Tom & Belinda Wright
New Zealand 1999

Kia Ora: Greetings from Aotearoa, The Land Of The Long White Cloud
   
We took a 3-day tour of the Northlands areas, north of Auckland, staying at an accomodation in Paihia, in the beautiful Bay of Islands area.

The Waitangi Treaty House & Grounds are located just across the bay from Paihia. This is the place where the indigenous Maori ceded soveriegnty of all lands in
New Zealand to the English Crown.


Waitangi Treaty Grounds


Between Paihia and Cape Reinga, we toured one of the last remaining kauri forests. The kauri is a tree unique to New Zealand that was almost logged into extinction. Its wood is very fine grained, giving it a very fine texture and the feel of "wooden satin". The kauri, while not as tall nor as big around as the California redwood, yields more lumber than the redwood because it does not taper toward the top, it goes straight up until almost the top. The New Zealand government, to its great credit, stepped in and protected the remaining kauri forests as they stand today.
The only legal kauri wood today comes from an ancient forest that was covered by a gigantic mudslide an estimated 45,000 years ago. The wood is "mined" from the area and has been preserved over the eons.



Belinda, the world's 
best beachcomber.  


















The tour to Cape Reinga 
went by way of 90-Mile 
Beach.  The beach is said 
to have been named by 
cattle drovers who said
that they could push a 
herd 30 miles per day and 
it took them 3 days to get
from one end of the 
beach to the other. 
Depending upon who you 
talk to, 90-Mile Beach is 
between 75 and 100 miles 
long.  In Maori legend, 
the god Maui is said to 
have been in search of 
yams for his meal and 
ran so fast down the coast
as to have created the 
long stretch of sandy 
beach.


The lighthouse at Cape Reinga,New Zealand's northernmost point. Cape Reinga is the point of land where the Pacific Ocean and the Tasman Sea meet. Cape Reinga is a place of great religious importance to the Maori. It is here where the human spirit departs the Earth when the physical body dies.

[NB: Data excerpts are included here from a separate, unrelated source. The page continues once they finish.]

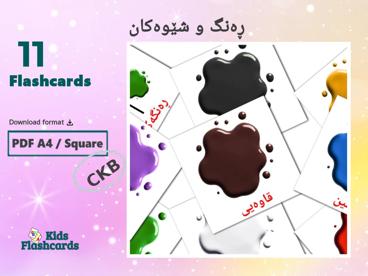 11 Printable Colors Flashcards in Kurdish(sorani) (Free PDF)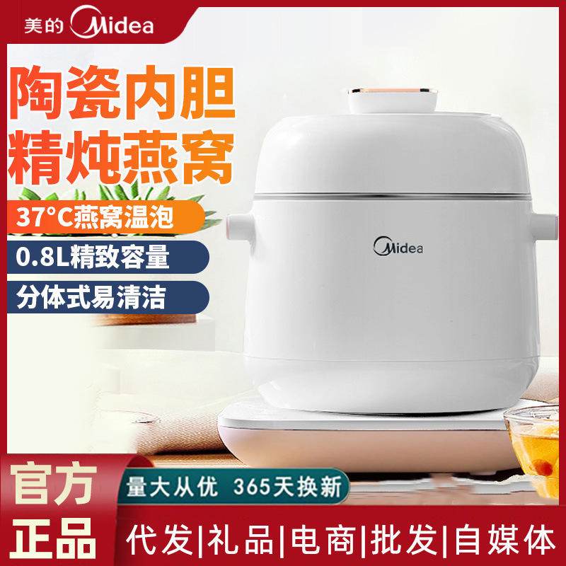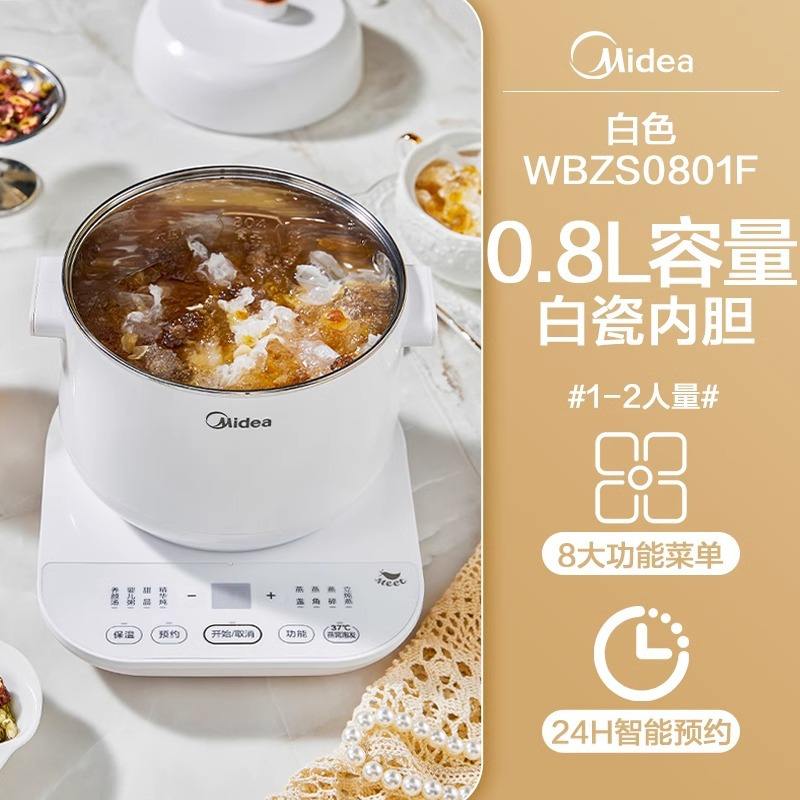 Midea – marmite électrique multifonction de 0,8 l, pour soupe, bouillie, nid d'oiseau, blanc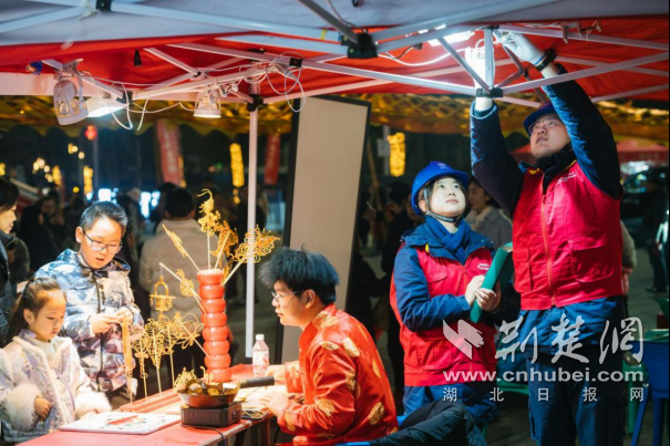 荆楚网(湖北日报网)讯(通讯员 吴斌 毛强 邬舒瑶)年货摊位前,炸藕夹的油锅滋滋作响,热气裹着香味飘散,穿新衣的孩子们举着糖葫芦,在人群中追逐嬉闹……2月21日,正月初五,傍晚六点的武汉体育中心广场上,27组新春彩灯次第亮起,将夜空装点得流光溢彩。

It is of far greater meaning than this simple explanation - click on the image to learn more about Cape Reinga's meaning to the Maori.

Cape Marie Van Diemen looking WSW from Cape Reinga. This cape was named by explorer Abel Janszoon Tasman, the first European to see New Zealand, in 1643, in honor of the wife of his employer, Count Anton Van Diemen, owner of the Van Diemen Land Co. and Governor General of the Dutch East India Company.